Use of Radiographs to Measure Outcome in Rheumatoid Arthritis
MICHAEL
H. WEISMAN,
San Diego,
California
Currently, radiographic analysis of the hands and wrists provides the most practical, useful, and objective biologic endpoint for measurement of outcome in rheumatoid arthritis. Semiquantitative scoring methods for cartilage loss and osseous erosions developed by Sharp (Arthritis Rheum 1971; 14: 706-720) and Larsen (Stand J Flheum 1973; 2: 136-138) have established standards for sensitivity and interobserver reliability. Sharp (Arthritis Rheum 1985; 28: 1624) has shown that in order to reliably measure change in erosion score, a certain degree of worsening (i.e., progression) must take place. At least one year is necessary, preferably two. Others have shown that rheumatoid arthritis erosions take place and progress early (Years 1 to 3) in most patients, and once destruction is established it may not be possible to adequately assess further change radiographically.

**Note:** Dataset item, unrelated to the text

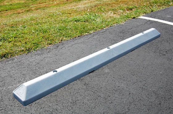 Engineered for added strength at lower weight, the 6-foot commercial plastic parking block can be carried and installed by a single person. LEED qualified and made from injection-molded, 100 percent recycled HDPE plastic, this parking stop resists tire scuffing and natural elements. The color is molded throughout – there's no upkeep required. Great for shopping mall parking lots, apartment and condo complexes, and commercial grounds. Comes in high-visibility yellow, traditional gray, white and handicapped blue. Has recessed bolt holes and mounting hardware is included.

Therefore, in order to perform a clinical trial of “disease modifying” agents with radiographic analysis as endpoint, the selections of a proper study population and time interval are most critical. Although it may be difficult to perform, an ideal clinical study for a therapeutic intervention would use patients with rheumatoid arthritis of less than five years’ disease duration and perform radiographic analysis at a 24-month minimum interval. The selection of a proper control group may be a near impossibility under these circumstances.
M.D.
From the Division of Rheumatology, Department of Medicine, University of California San Diego School of Medicine, San Diego, California. Requests for reprints should be addressed to Dr. Michael H. Weisman, UCSD Medical Center H-81 1 -G, 225 Dickinson Street, San Diego, California 92103.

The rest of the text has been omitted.